I was aware the article was talking about how to change the bootloader to grub2-bls and did mention that I didn’t test if it would work the other way around as well.
I was able to install grub2-efi and use it, but grub2-bls still stayed the default one despite me changing the config file. I wasn’t able to make systemd-boot appear as an option at all, maybe it needed more or different steps.
grub2-efi has the right resolution but even worse visual glitches with a text mode interface slowly unrolling from the top to the bottom of the screen over the course of several seconds, it disappears right after covering the whole of the graphic interface. The videoinfo command also isn’t available
You are most likely still using signed image. You need to both disable Secure Boot in BIOS and in bootloader configuration (SECURE_BOOT in the /etc/sysconfig/bootloader).
And that is a strong hint that you are still booting using grubbls (at least, that is what I suspected looking at its embedded grub.cfg).

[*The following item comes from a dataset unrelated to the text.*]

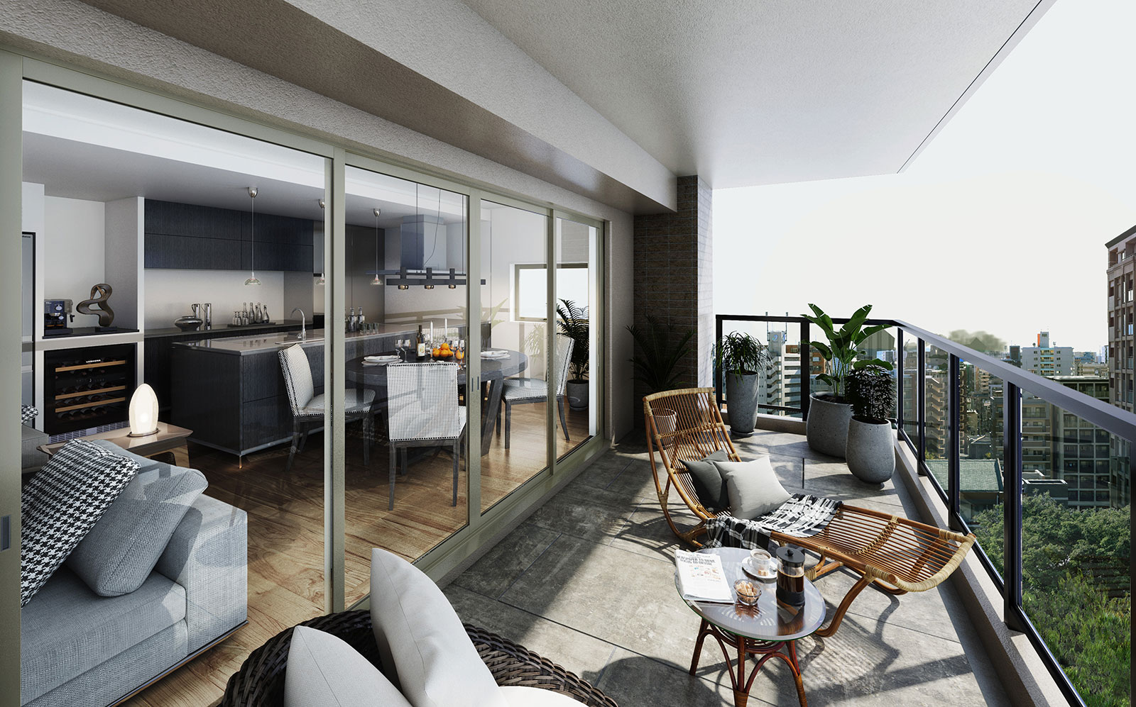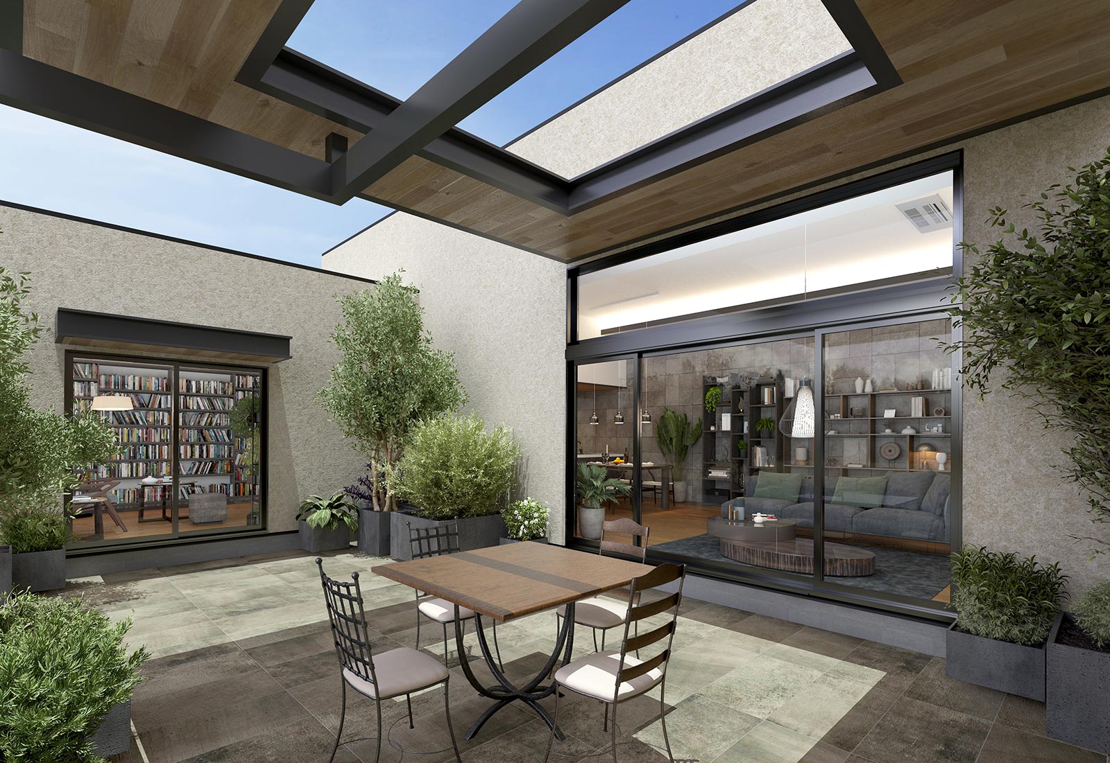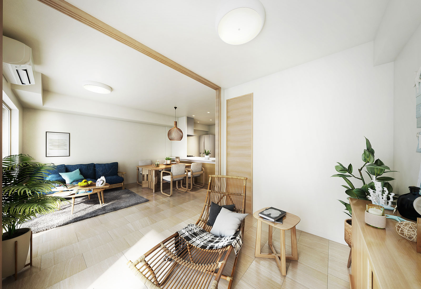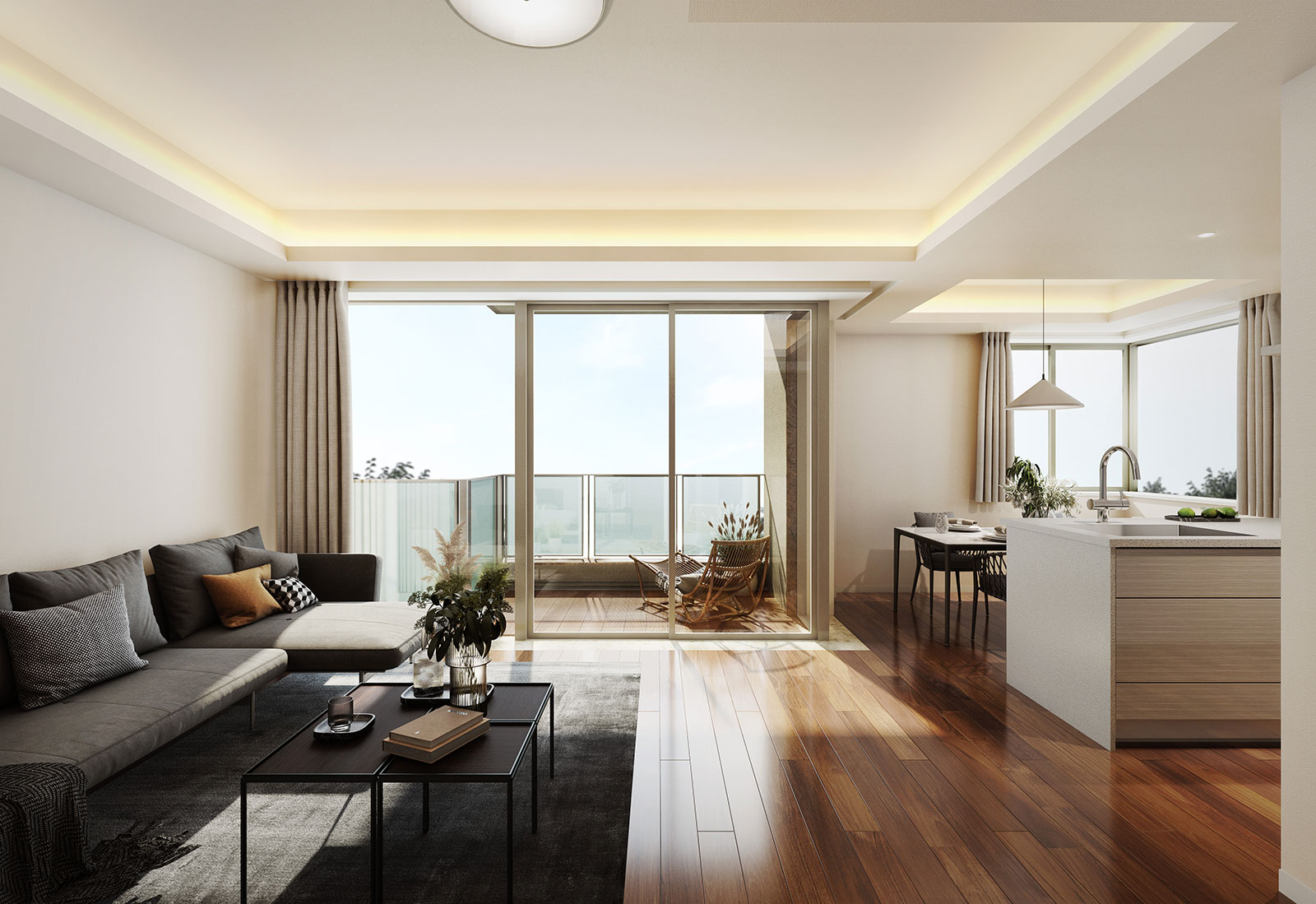 マンション(風除室・エントランスホール・ラウンジ)建築パース制作
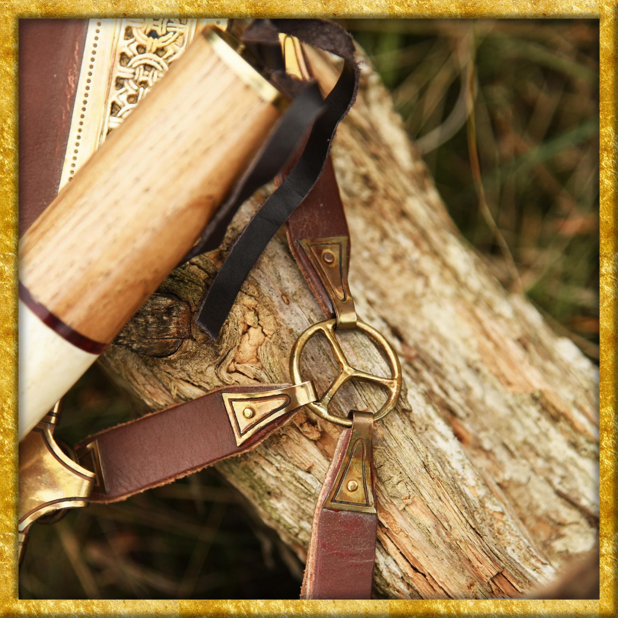Der Kurzsax kommt samt wunderschöner Scheide aus vegetabil gegerbtem, von Hand gefärbtem Leder mit reich verzierten Messingbeschlägen. Das Tragesystem besteht aus zwei Tragringen, einem Riemenverteiler und drei Lederriemen.

It’s a new grub variant that appeared after I installed grub2-efi and shows up as “openSUSE Boot Manager” in the boot device list I get when I press F12, as opposed to “openSUSE Boot Manager (grub2-bls)” nvm I might’ve misremembered that, gonna try it more now
OK so I’m pretty sure there weren’t two opensuse boot devices before I started tinkering with this, but now that I’ve deleted grub2-efi and changed /etc/sysconfig/bootloader to be back how it was, they’re both still there… and going to the F12 menu and choosing either one of them manually gives me the proper resolution and the big slow text mode glitch. But booting normally doesn’t
Also I realized that the bad resolution grub also has the exact same text-interface-appearing-on-top glitch, it just happens in a fraction of a second instead of several seconds
grubbls enables both default text mode console and graphical output and it prints output on both. The “normal” grub.cfg is only configuring one output, either console or gfxterm.